▸ **Your assignment**
Include the line containing "从主力板块资金监控数据来看,国防军工板块主力资金净流入居首。" and every line after it up to the end of the material below; reproduce them exactly and drop the pictures.

▸ **Information provided**
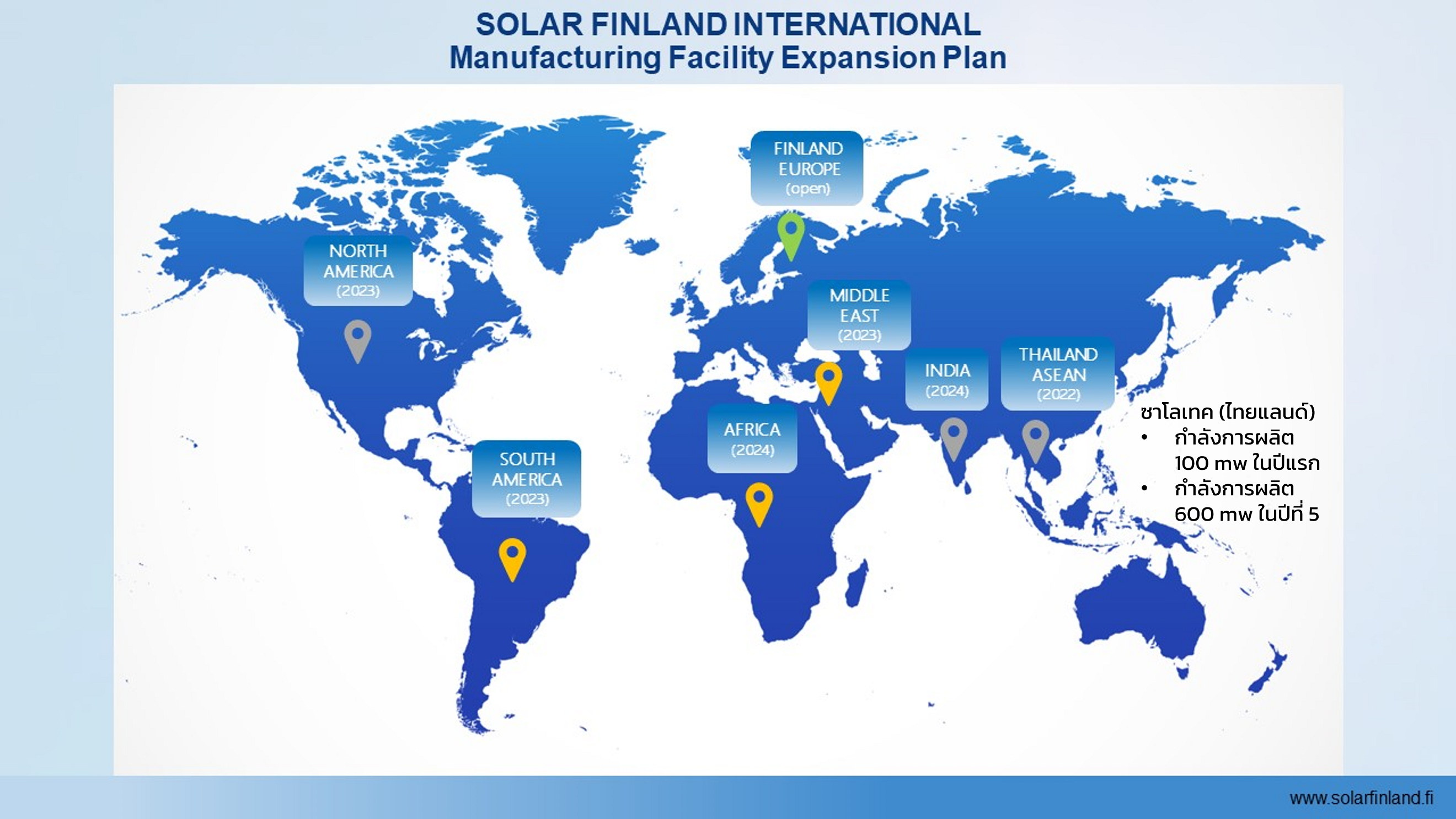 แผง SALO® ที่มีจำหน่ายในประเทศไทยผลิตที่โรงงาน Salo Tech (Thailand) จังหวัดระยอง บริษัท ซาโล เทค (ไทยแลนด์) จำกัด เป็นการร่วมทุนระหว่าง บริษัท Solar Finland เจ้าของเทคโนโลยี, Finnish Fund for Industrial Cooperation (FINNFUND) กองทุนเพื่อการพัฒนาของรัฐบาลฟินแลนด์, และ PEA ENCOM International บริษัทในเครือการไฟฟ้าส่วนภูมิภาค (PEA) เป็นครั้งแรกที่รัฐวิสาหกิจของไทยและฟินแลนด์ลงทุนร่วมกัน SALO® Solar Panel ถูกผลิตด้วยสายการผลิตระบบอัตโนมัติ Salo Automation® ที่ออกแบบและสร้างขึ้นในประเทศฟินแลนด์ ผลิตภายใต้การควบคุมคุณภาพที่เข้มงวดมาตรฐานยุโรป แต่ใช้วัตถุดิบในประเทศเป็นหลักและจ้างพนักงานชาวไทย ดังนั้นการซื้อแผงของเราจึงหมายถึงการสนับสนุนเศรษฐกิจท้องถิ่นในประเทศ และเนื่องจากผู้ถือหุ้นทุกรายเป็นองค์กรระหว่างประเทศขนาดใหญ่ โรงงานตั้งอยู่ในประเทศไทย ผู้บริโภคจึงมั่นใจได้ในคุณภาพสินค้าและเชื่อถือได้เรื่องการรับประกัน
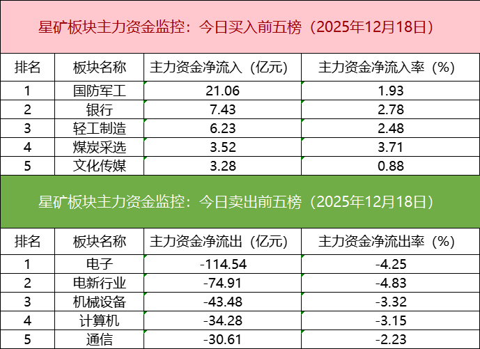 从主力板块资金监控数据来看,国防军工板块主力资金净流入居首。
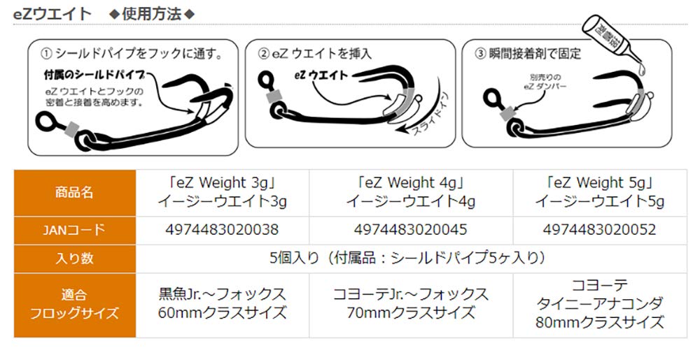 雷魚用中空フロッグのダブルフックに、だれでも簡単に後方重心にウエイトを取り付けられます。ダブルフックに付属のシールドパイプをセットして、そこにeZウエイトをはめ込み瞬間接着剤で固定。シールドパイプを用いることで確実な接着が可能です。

▸ **Solution below**
 从主力板块资金监控数据来看,国防军工板块主力资金净流入居首。
 雷魚用中空フロッグのダブルフックに、だれでも簡単に後方重心にウエイトを取り付けられます。ダブルフックに付属のシールドパイプをセットして、そこにeZウエイトをはめ込み瞬間接着剤で固定。シールドパイプを用いることで確実な接着が可能です。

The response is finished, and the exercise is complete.